- Work order
With the pictures removed, please write out every line below exactly as given.
── Recorded information
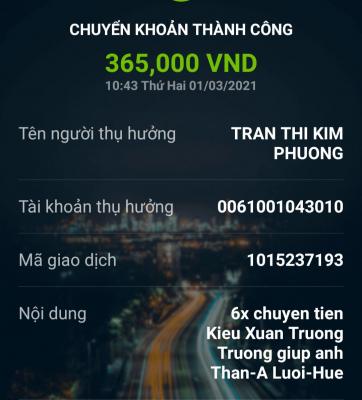 Cảm ơn bạn Trường đã CM gia đình T3/2021. Phần tiền anh Phan Trong Nguyên vẫn CM hàng tháng đến hoàn cảnh. Để giúp đỡ hoàn cảnh trong 2 tháng 4, 5 tiếp theo, em đề xuất xuất quỹ CMTX đến hoàn cảnh.
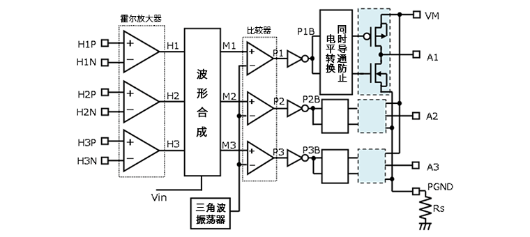 正弦波激勵驅動通過由高邊和低邊開關組成的驅動器所具備的三相控制和驅動電路來實現(xiàn)驅動。以下是帶有傳感器的正弦波激勵PWM驅動的電路框圖和各輸入輸出波形圖示例。 其基本工作是將來自三個霍爾傳感器的信號輸入至霍爾放大器的輸入端,經過波形合成的信號通過比較器和三角波轉換為PWM信號,由輸出段MOSFET來驅動電機的線圈。A1、A2、A3的PWM信號的等效電壓為120度相位差的正弦激勵波形。120度激勵是120度導通60度關斷的矩形波激勵方法,但正弦波驅動則是180度激勵,由于是通過正弦波對零到最大值實施激勵,因此工作更平穩(wěn),噪聲更低。另外,PWM還有助于提高效率。
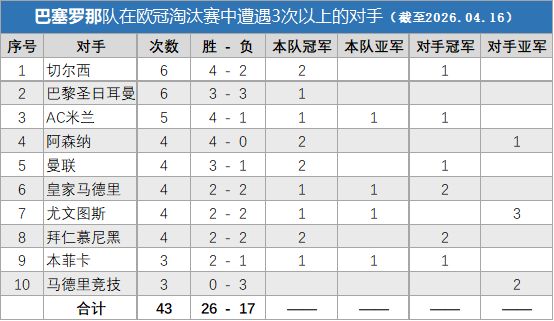 VS拜仁慕尼黑:上赛季以前,对于巴塞罗那来说,几乎是谈拜仁色变。结果一看淘汰赛对战成绩,居然平分秋色。巧合的是,两队各自战胜对手的两次,都成了最后的冠军,可谓最有含金量的对手。
────
- Response area
 Cảm ơn bạn Trường đã CM gia đình T3/2021. Phần tiền anh Phan Trong Nguyên vẫn CM hàng tháng đến hoàn cảnh. Để giúp đỡ hoàn cảnh trong 2 tháng 4, 5 tiếp theo, em đề xuất xuất quỹ CMTX đến hoàn cảnh.
 正弦波激勵驅動通過由高邊和低邊開關組成的驅動器所具備的三相控制和驅動電路來實現(xiàn)驅動。以下是帶有傳感器的正弦波激勵PWM驅動的電路框圖和各輸入輸出波形圖示例。 其基本工作是將來自三個霍爾傳感器的信號輸入至霍爾放大器的輸入端,經過波形合成的信號通過比較器和三角波轉換為PWM信號,由輸出段MOSFET來驅動電機的線圈。A1、A2、A3的PWM信號的等效電壓為120度相位差的正弦激勵波形。120度激勵是120度導通60度關斷的矩形波激勵方法,但正弦波驅動則是180度激勵,由于是通過正弦波對零到最大值實施激勵,因此工作更平穩(wěn),噪聲更低。另外,PWM還有助于提高效率。
 VS拜仁慕尼黑:上赛季以前,对于巴塞罗那来说,几乎是谈拜仁色变。结果一看淘汰赛对战成绩,居然平分秋色。巧合的是,两队各自战胜对手的两次,都成了最后的冠军,可谓最有含金量的对手。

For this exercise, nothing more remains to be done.